# To do:
In the listing that follows, find the line with "DIAGNOSIS n 1.", then copy exactly from it through the line with "ShareGoo 4 llantas", leaving out every picture.

# Supplied data:
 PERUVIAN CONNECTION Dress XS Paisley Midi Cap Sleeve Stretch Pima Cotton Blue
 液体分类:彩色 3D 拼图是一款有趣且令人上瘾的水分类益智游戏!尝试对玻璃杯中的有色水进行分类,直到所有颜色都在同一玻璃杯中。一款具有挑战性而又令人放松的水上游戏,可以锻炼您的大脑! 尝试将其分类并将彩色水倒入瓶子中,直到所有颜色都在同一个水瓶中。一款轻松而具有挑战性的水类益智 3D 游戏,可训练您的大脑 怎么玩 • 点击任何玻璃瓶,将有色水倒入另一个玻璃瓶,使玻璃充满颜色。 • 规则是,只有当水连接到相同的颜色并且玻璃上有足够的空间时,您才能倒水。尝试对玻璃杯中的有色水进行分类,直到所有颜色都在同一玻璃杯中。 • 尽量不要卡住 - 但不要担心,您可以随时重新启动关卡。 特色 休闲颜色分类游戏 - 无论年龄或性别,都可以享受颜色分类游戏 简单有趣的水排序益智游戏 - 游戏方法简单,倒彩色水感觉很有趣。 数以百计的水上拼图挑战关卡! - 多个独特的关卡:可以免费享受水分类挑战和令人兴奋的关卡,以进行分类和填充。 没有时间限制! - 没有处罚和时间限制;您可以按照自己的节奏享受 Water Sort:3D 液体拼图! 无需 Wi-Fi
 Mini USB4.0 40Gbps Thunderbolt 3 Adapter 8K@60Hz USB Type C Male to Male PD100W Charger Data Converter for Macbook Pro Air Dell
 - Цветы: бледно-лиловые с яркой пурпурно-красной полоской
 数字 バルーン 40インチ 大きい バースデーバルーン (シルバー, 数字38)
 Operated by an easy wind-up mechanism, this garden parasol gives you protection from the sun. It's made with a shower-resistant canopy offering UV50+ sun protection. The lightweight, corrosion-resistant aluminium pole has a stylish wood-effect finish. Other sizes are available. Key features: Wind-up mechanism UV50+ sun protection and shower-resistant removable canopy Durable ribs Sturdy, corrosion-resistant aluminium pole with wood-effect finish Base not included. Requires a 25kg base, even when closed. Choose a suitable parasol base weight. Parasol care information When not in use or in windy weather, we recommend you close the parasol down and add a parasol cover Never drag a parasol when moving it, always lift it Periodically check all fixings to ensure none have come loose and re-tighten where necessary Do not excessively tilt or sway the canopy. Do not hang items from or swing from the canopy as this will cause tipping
==
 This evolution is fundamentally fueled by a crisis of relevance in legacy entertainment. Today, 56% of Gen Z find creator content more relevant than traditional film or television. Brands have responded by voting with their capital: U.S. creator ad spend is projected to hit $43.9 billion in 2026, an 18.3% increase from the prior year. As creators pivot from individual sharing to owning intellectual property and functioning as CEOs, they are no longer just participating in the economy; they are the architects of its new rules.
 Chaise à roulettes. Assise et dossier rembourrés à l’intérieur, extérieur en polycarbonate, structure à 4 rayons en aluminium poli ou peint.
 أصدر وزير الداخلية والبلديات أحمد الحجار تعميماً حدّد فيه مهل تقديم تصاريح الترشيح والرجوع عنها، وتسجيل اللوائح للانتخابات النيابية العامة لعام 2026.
---
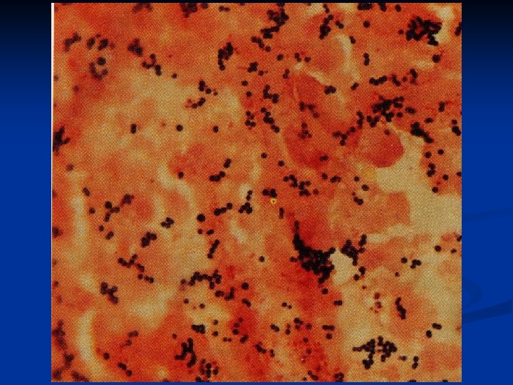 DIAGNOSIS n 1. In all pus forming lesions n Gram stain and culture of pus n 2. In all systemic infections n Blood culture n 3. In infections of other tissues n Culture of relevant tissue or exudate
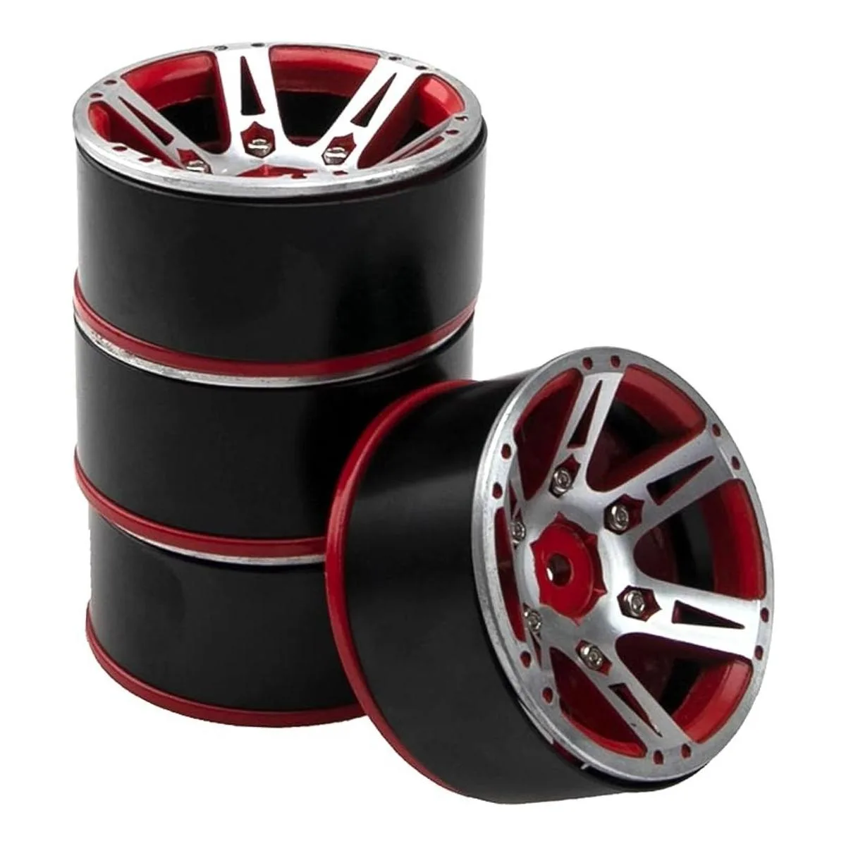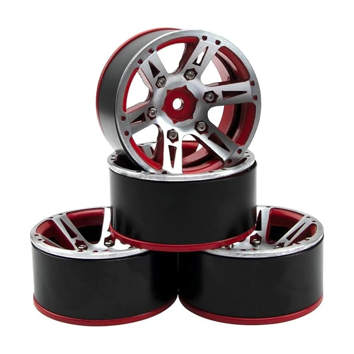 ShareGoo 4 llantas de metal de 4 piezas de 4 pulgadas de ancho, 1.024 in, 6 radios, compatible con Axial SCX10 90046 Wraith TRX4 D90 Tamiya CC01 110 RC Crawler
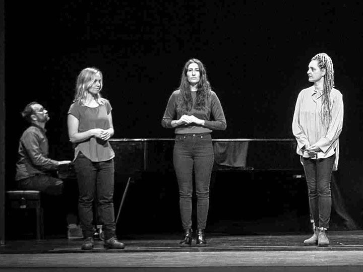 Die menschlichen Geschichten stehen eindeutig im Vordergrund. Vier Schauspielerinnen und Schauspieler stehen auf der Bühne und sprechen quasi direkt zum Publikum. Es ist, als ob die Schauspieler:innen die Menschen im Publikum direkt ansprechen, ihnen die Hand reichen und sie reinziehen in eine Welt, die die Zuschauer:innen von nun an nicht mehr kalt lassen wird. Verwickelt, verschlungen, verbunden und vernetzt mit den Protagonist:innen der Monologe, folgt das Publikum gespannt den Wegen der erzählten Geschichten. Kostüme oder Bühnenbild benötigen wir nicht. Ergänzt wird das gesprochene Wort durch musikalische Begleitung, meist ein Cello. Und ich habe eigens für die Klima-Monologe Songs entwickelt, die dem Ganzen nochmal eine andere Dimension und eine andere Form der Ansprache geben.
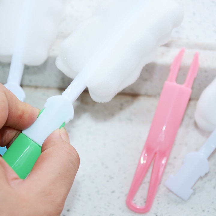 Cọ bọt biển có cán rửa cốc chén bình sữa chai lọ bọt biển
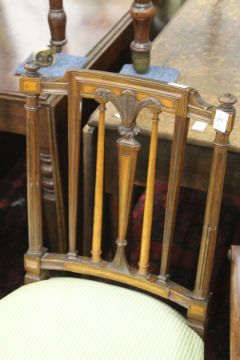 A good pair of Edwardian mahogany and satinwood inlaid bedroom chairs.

# Result of the exercise:
 DIAGNOSIS n 1. In all pus forming lesions n Gram stain and culture of pus n 2. In all systemic infections n Blood culture n 3. In infections of other tissues n Culture of relevant tissue or exudate
 ShareGoo 4 llantas de metal de 4 piezas de 4 pulgadas de ancho, 1.024 in, 6 radios, compatible con Axial SCX10 90046 Wraith TRX4 D90 Tamiya CC01 110 RC Crawler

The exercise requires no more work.